**Working data:**

####################

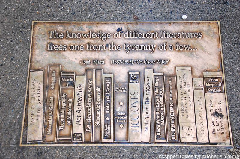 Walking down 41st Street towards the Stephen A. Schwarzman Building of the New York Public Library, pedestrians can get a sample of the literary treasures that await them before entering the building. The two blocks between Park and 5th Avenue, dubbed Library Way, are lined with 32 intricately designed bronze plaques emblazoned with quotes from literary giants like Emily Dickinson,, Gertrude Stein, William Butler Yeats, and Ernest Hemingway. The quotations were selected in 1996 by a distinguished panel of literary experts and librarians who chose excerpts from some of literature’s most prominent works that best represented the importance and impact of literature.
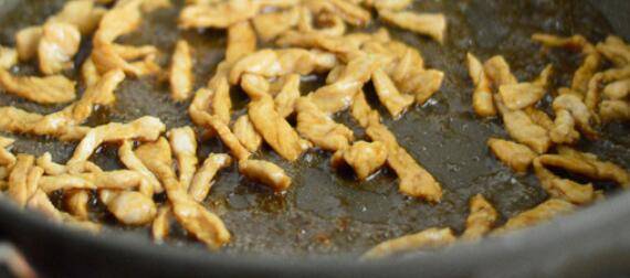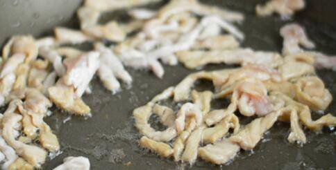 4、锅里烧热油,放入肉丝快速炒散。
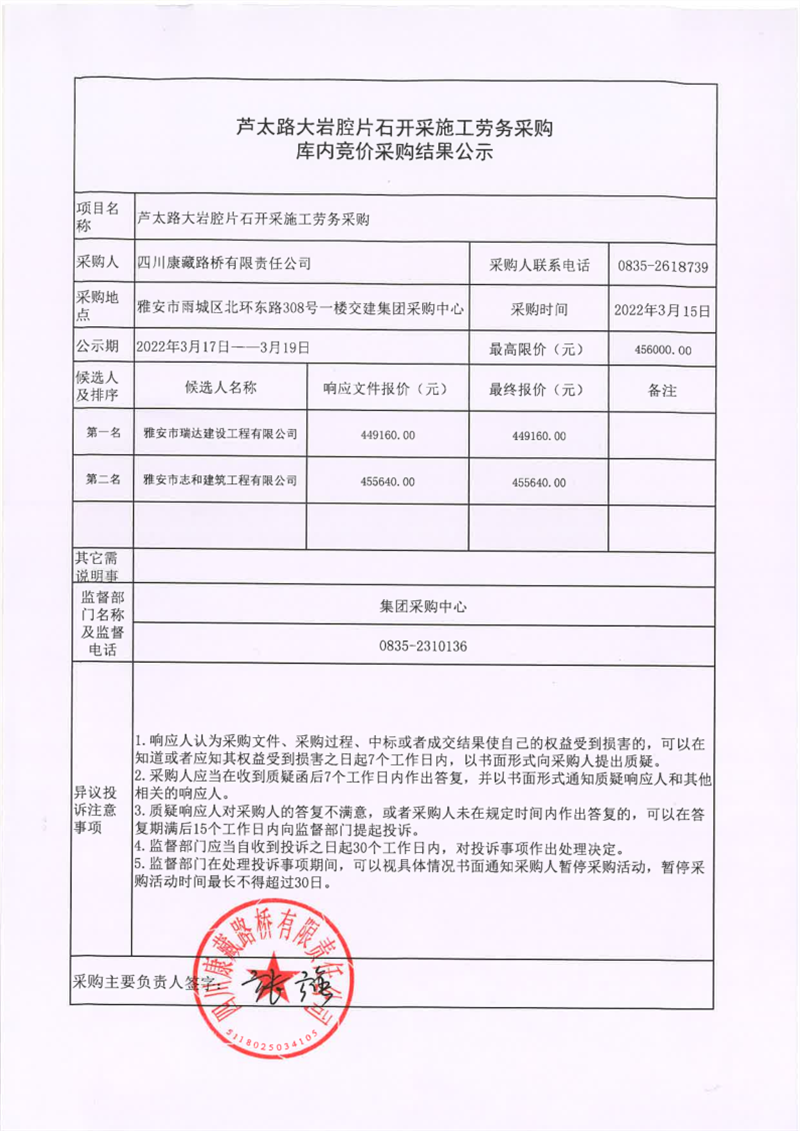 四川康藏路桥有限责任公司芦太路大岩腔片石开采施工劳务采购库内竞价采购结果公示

####################

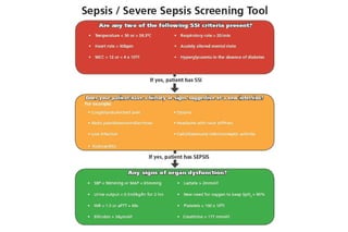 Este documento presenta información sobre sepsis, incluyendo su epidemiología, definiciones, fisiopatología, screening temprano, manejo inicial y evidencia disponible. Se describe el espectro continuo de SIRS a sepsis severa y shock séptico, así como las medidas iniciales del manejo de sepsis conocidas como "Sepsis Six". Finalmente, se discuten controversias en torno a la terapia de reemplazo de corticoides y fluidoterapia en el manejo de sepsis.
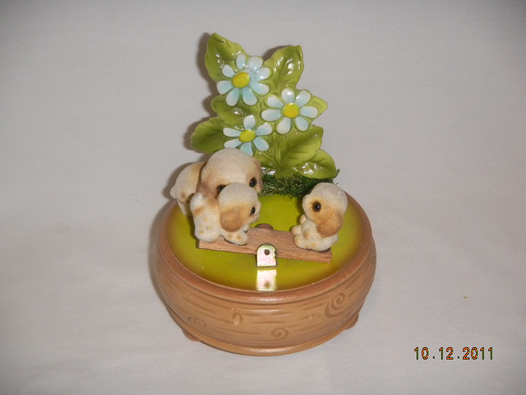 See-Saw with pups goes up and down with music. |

####################

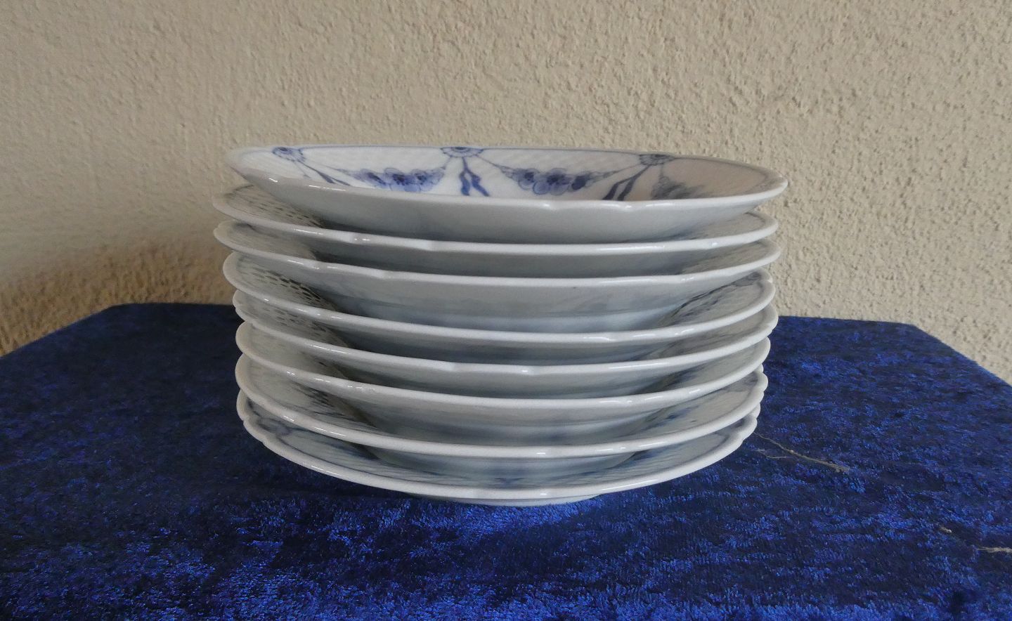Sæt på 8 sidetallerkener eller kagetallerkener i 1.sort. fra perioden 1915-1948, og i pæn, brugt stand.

####################

**Aim of the exercise:** Up in the listing, locate the line with "4、锅里烧热油,放入肉丝快速炒散。"; print it and every line after it down to the line with "四川康藏路桥有限责任公司芦太路大岩腔片石开采施工劳务采购库内竞价采购结果公示", which is included too. Skip the pictures.

**Completed exercise:**
 4、锅里烧热油,放入肉丝快速炒散。
 四川康藏路桥有限责任公司芦太路大岩腔片石开采施工劳务采购库内竞价采购结果公示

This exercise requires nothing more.